Of course, it ended up being a little trickier than that. The original Echo is running on a 2.6.x series Linux kernel, which even for a device released in 2014 is painfully outdated. With its similarly archaic version of glibc, newer Linux software would refuse to run. [André] found that building an up-to-date filesystem image for the Echo wasn’t a problem, but getting the niche device’s hardware working on a more modern kernel was another story.
He eventually got the microphone array working, but not the onboard digital signal processor (DSP). Without the DSP, the age of the Echo’s hardware really started to show, and it was clear the seven year old smart speaker would need some help to get the job done.
The solution [André] came up with is not unlike how the device worked originally: the Echo performs wake word detection locally, but then offloads the actual speech processing to a more powerful computer. Except in this case, the other computer is on the same network and not hidden away in Amazon’s cloud. The Porcupine project provides the wake word detection, speech samples are broken down into actionable intents with voice2json, and the responses are delivered by the venerable eSpeak speech synthesizer.

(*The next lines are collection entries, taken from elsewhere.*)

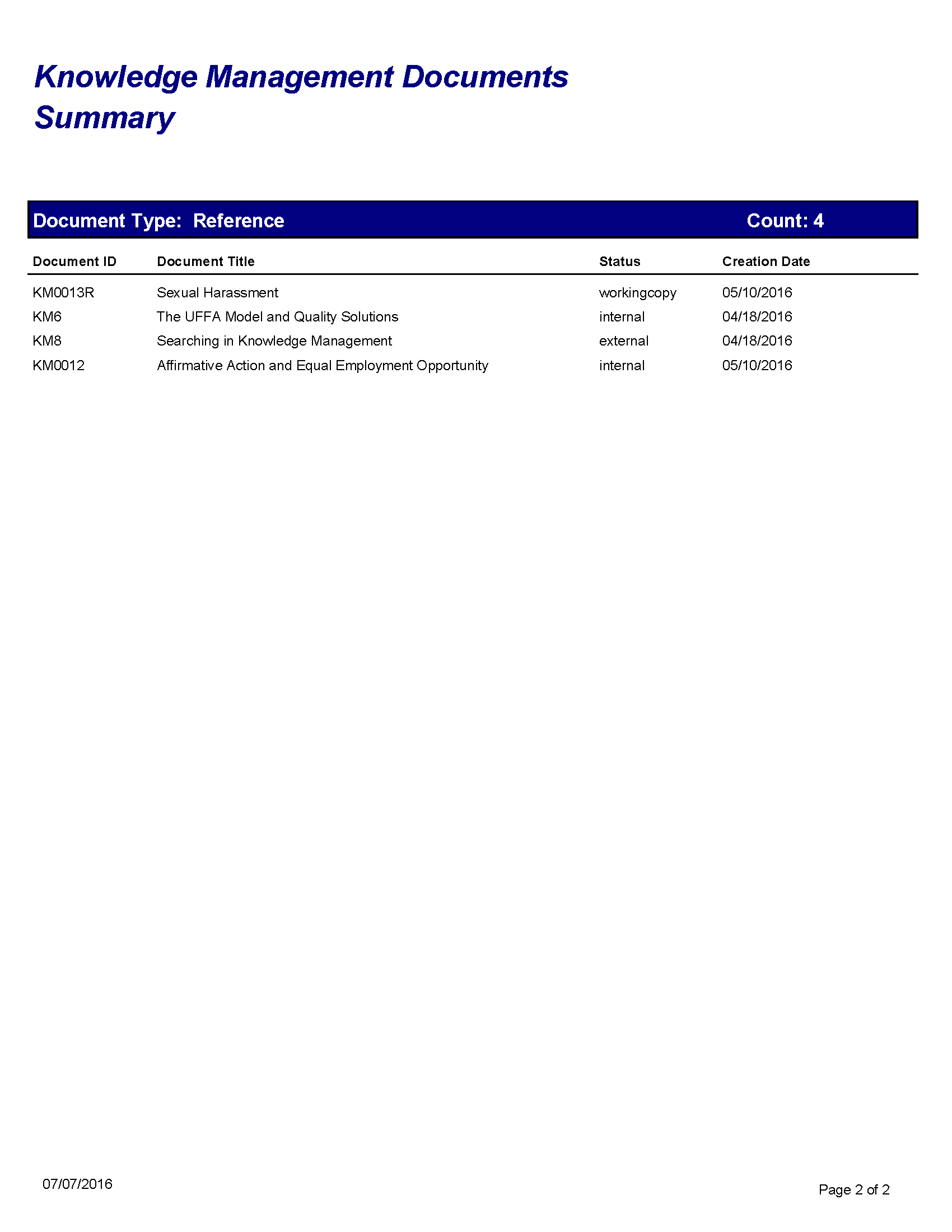 Knowledge Management Documents Summary
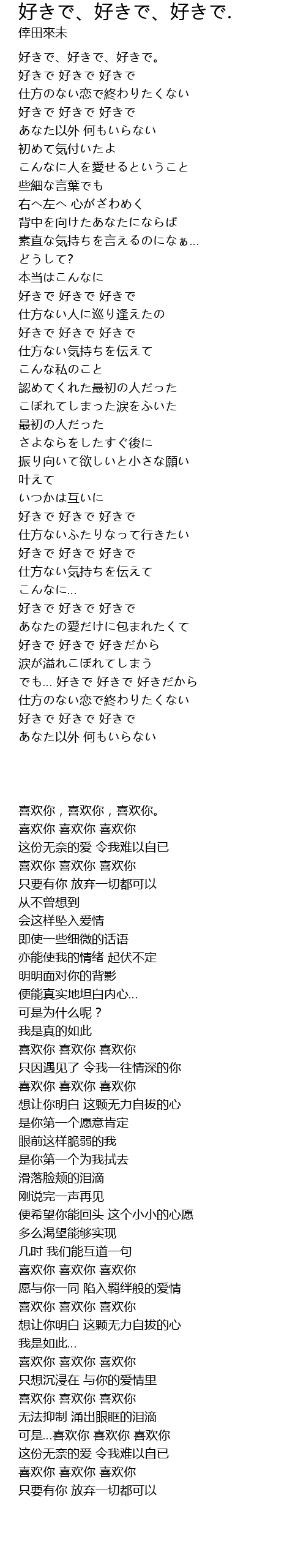 | [01:38.520] | 好きで 好きで 好きで |
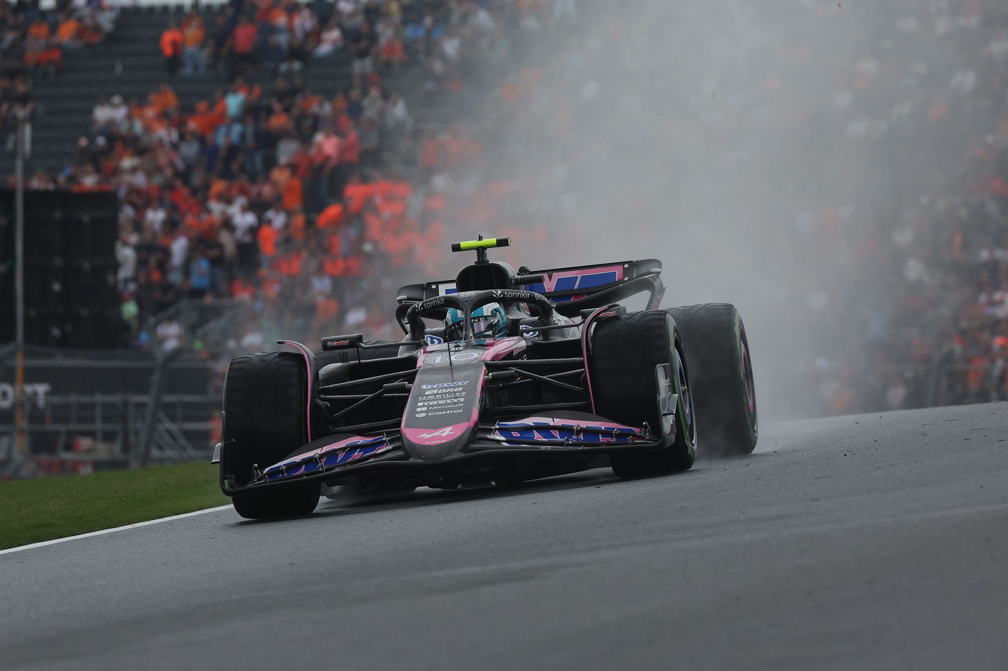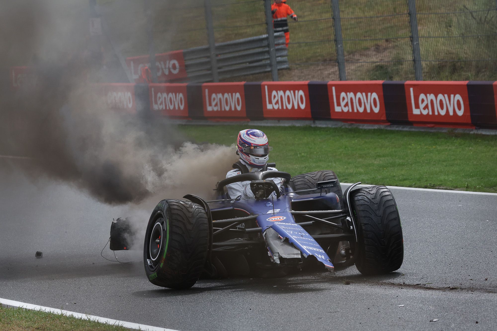 Ce n’était rien à comparer avec l’énorme crash de Logan Sargeant (Williams) après 15 minutes d’essais qui, en roulant dans l’herbe détrempée à la sortie de la Parabolique du virage 3, perdait le contrôle de sa monoplace et l’envoyait violemment dans le rail opposé. Williams en pièces détachées, en flamme côté moteur, rail endommagé, le drapeau rouge était évidemment de sortie et pour un long moment.

As you can see in the video below the overall experience is pretty similar to stock, complete with fancy LED ring action. In fact, since Porcupine allows for multiple wake words, you could even argue that the usability has been improved. While [André] says adding support for Mycroft would be a logical expansion, his immediate goal is to get everything documented and available on the project’s GitLab repository so others can start experimenting for themselves.